### Assignment:
Using the entries that follow, write out the line containing "Annoncez votre graduation", the line containing "A set of BE", and every line between them, exactly and nothing else.

Dataset records START

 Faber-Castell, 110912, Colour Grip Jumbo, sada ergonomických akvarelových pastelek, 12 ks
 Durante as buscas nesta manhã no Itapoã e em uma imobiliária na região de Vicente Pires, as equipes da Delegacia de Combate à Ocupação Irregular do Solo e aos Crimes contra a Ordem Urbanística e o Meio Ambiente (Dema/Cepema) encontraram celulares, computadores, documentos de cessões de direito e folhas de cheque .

Dataset records END
Dataset records START

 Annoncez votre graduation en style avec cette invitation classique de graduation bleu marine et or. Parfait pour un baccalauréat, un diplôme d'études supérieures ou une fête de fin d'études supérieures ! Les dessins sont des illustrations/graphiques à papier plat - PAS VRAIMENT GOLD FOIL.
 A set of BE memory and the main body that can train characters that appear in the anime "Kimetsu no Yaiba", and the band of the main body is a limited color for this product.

Dataset records END
Dataset records START

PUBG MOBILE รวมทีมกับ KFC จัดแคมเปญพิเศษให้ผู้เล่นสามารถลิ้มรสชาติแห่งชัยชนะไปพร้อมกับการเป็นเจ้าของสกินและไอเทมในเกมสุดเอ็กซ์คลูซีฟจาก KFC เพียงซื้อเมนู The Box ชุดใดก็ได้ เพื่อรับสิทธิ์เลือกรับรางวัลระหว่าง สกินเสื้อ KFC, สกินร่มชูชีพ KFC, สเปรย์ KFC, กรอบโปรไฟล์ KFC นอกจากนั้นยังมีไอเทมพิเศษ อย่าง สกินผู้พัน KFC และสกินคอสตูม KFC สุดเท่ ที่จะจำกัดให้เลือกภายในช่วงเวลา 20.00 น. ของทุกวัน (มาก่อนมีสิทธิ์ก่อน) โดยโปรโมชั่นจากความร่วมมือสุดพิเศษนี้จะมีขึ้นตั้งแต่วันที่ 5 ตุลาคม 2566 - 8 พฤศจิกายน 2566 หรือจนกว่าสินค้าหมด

Dataset records END

### Written answer:
 Annoncez votre graduation en style avec cette invitation classique de graduation bleu marine et or. Parfait pour un baccalauréat, un diplôme d'études supérieures ou une fête de fin d'études supérieures ! Les dessins sont des illustrations/graphiques à papier plat - PAS VRAIMENT GOLD FOIL.
 A set of BE memory and the main body that can train characters that appear in the anime "Kimetsu no Yaiba", and the band of the main body is a limited color for this product.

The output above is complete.